Shawn Johnson added up figures, trying to establish Hollywood’s budget.
 
“Going on the assumption that Hollywood was spending $20,000 a month, and deducting that sum for each of the months after his last robbery on January 24, 1995, “ he said, “I picked three dates when I believed he was going to hit again. One of them was January 25, 1996.” Throughout 1995, Scott Scurlock was traveling, and shedding parts of his life. The Swiss banker, who endured her nickname of Swiss Cheese, was really named Sandra. Scott’s friends noticed that she was no longer in residence in Olympia, nor did she commute from Europe to see him. She had left her home, her family, and her country to be with Scott. But he had often disappeared for a day or two or more without even telling her where he was going. Without Scott there, the night shadows crept in on her. She was lonely and frightened, especially because she couldn’t speak English well. She felt terribly isolated on the treehouse property and she was desperately homesick. Her relationship with Scott had finally come to a point where it either had to move forward or end, and it ended.

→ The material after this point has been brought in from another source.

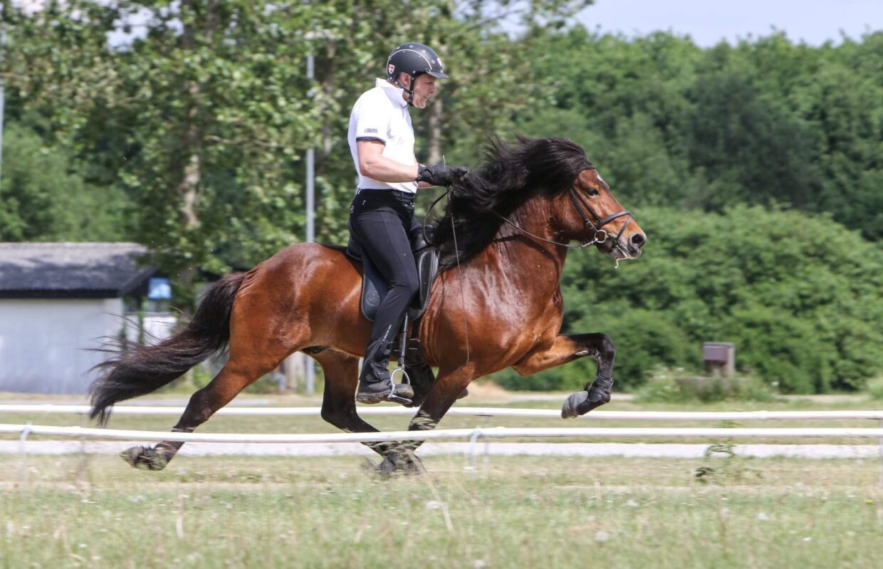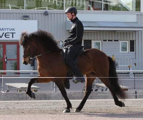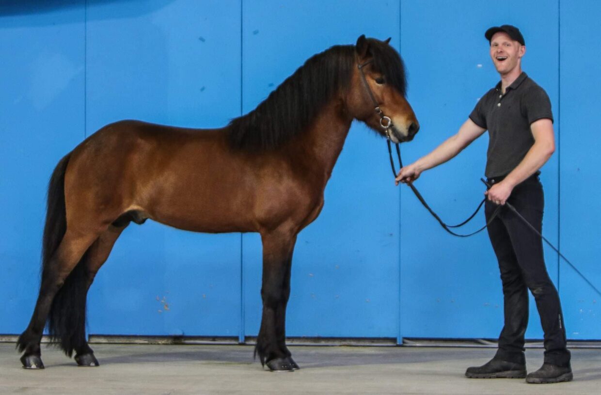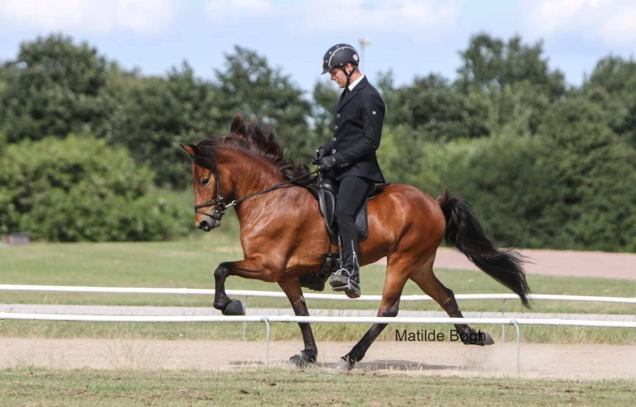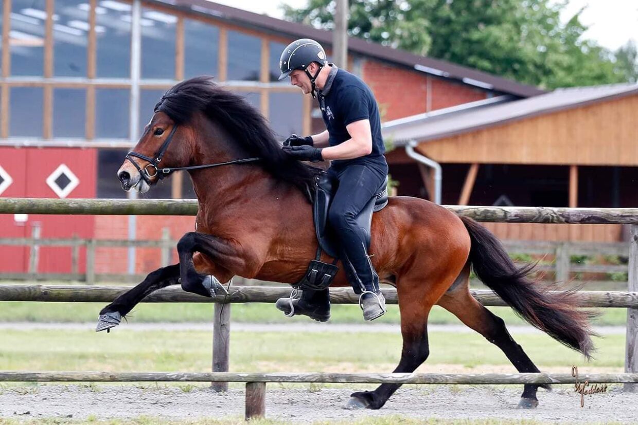 Hákon fra Engholm, født i 2013 efter Viktor fra Diisa. Kåret første gang som 5-års i 2018 med 8.48 total og 9 for RygKryds, tölt samt vilje og sind. Kåret igen i 2019, hvor han opnåede en kåring på 8.44 i BYG, 8.64 i RID og en total på 8.56 herunder 9 for RygKryds, tölt, galop, arbejdsgalop samt vilje og sind. Han blev udtaget til at repræsentere DK i avlen til VM i Berlin 2019. Hákon har ind til videre fået 54 afkom, hvoraf langt hovedparten er avlet på Stutteri Amhøj, som er de nuværende ejere. Foto: Matilde Bøgh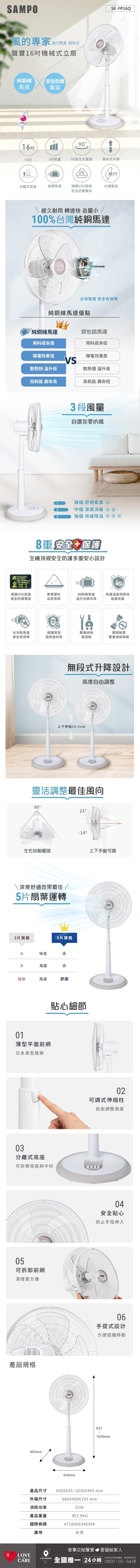 SAMPO聲寶 16吋機械式立扇 SK-FP16Q

Perhaps they had shared too much shady history for a lasting love to survive, but he grew tired of her. One day Sandra was there, the next, she was gone.

If Scott experienced pure friendship with any woman, it was with Ellen.

Ellen was lovely to look at and innately good, and when Scott was frightened, he turned to her. She didn’t know what it was that was haunting him, although she was smart enough to perceive that he had to be involved in something on the dark side of the law. He never seemed to work, and he always had enough money to do whatever he wanted. But, like Marge Violette before her, Ellen could not picture Scott doing anything beyond fraud or drugs. She knew from Kevin that Scott had occasional outbursts of anger. But violence? No. If Scott was involved in something violent, Ellen was sure she would know. When she asked Kevin what was going on, he always just changed the subject.